Task: In the material below, print every line exactly and omit the pictures.

Dataset extract:
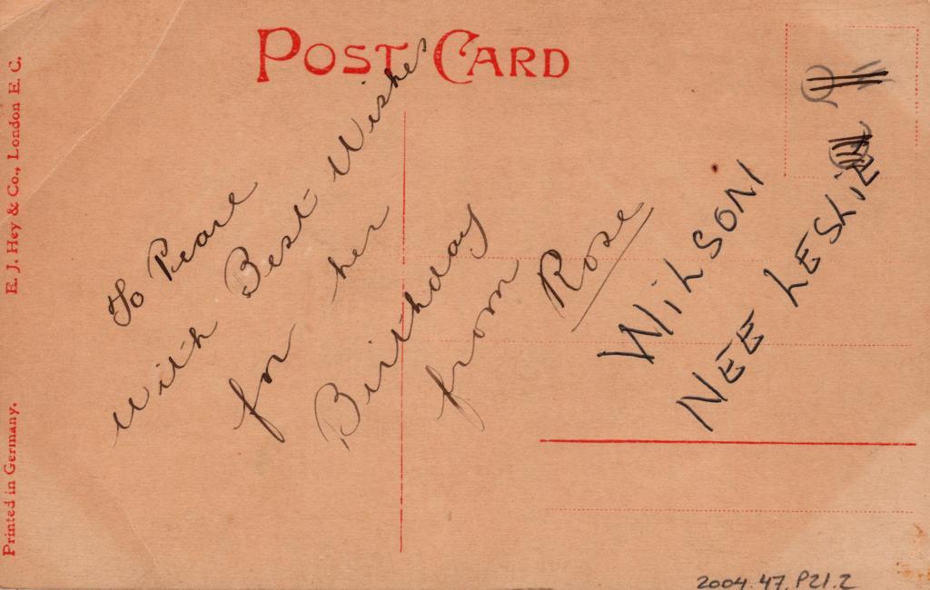 Reverse: Written in black pen 'To Pearl with best wishes for her birthday from Rose' and 'WILSON NEE LESLIE'
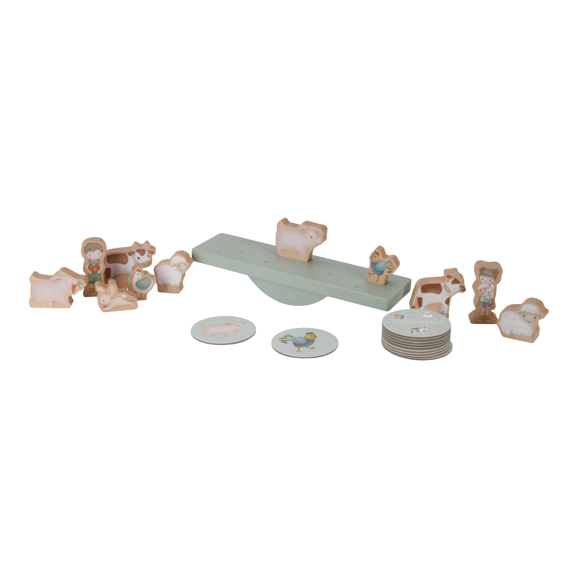 How many figures can you balance? Turn over a card and place the figure that matches your card on the meadow. Be careful not to wobble the balance too much, or the figures will fall off! This balancing game is fun to play alone, but also with the whole family. Balancing improves your child's hand-eye coordination and fine motor skills. The game includes 11 round cards, 1 balance, various animals and Jim and Rosa.
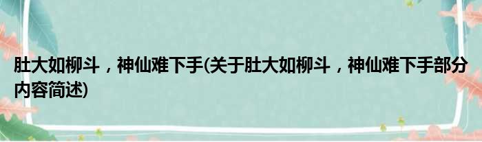 肚大如柳斗,神仙难下手(关于肚大如柳斗,神仙难下手部分内容简述)
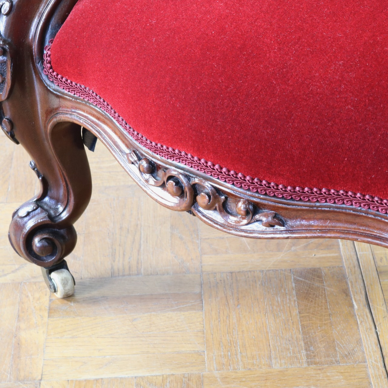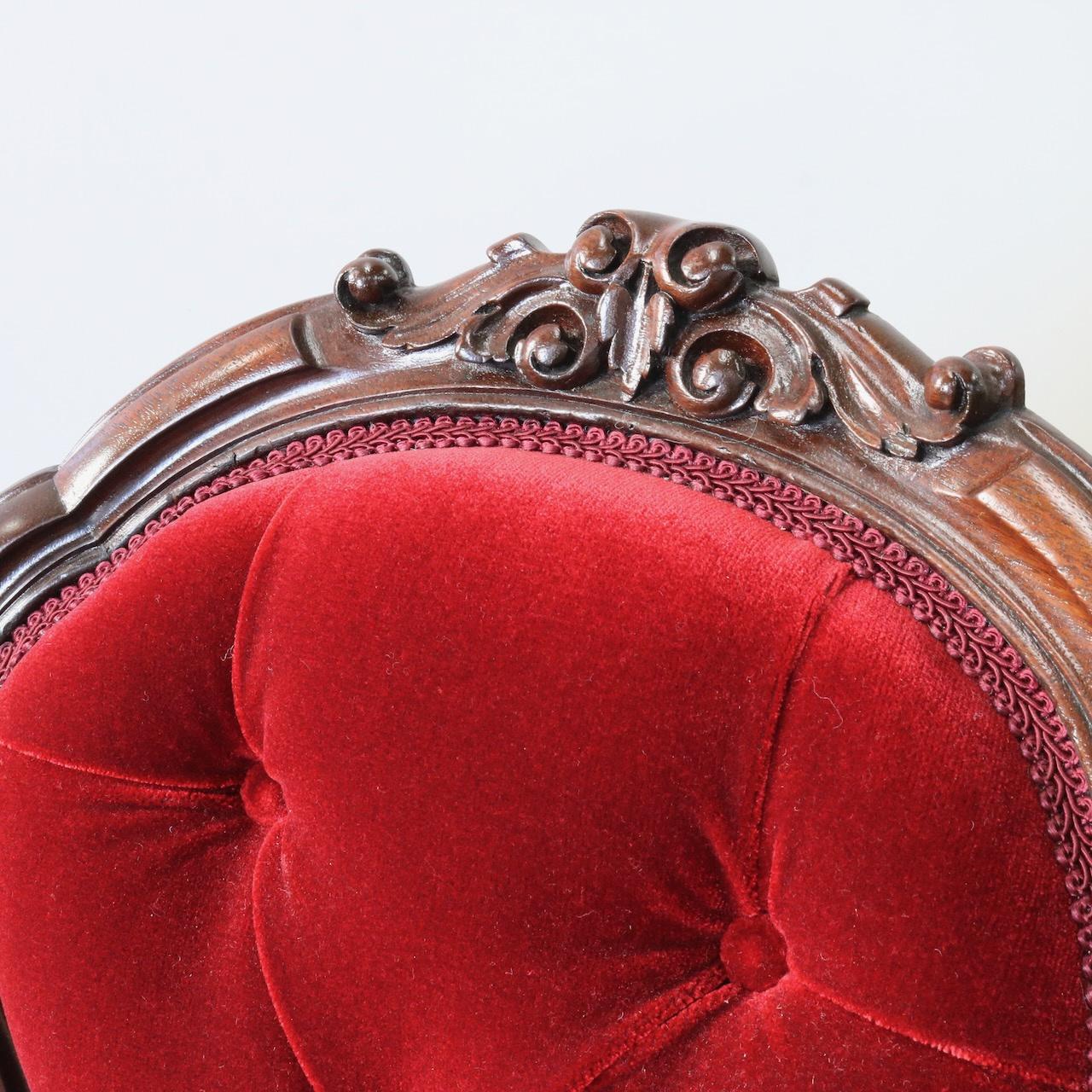 生地はクラシカルな赤色。深みのある、濃淡が鮮やかに映えるベロア生地です。

Result of the exercise:
 Reverse: Written in black pen 'To Pearl with best wishes for her birthday from Rose' and 'WILSON NEE LESLIE'
 How many figures can you balance? Turn over a card and place the figure that matches your card on the meadow. Be careful not to wobble the balance too much, or the figures will fall off! This balancing game is fun to play alone, but also with the whole family. Balancing improves your child's hand-eye coordination and fine motor skills. The game includes 11 round cards, 1 balance, various animals and Jim and Rosa.
 肚大如柳斗,神仙难下手(关于肚大如柳斗,神仙难下手部分内容简述)
 生地はクラシカルな赤色。深みのある、濃淡が鮮やかに映えるベロア生地です。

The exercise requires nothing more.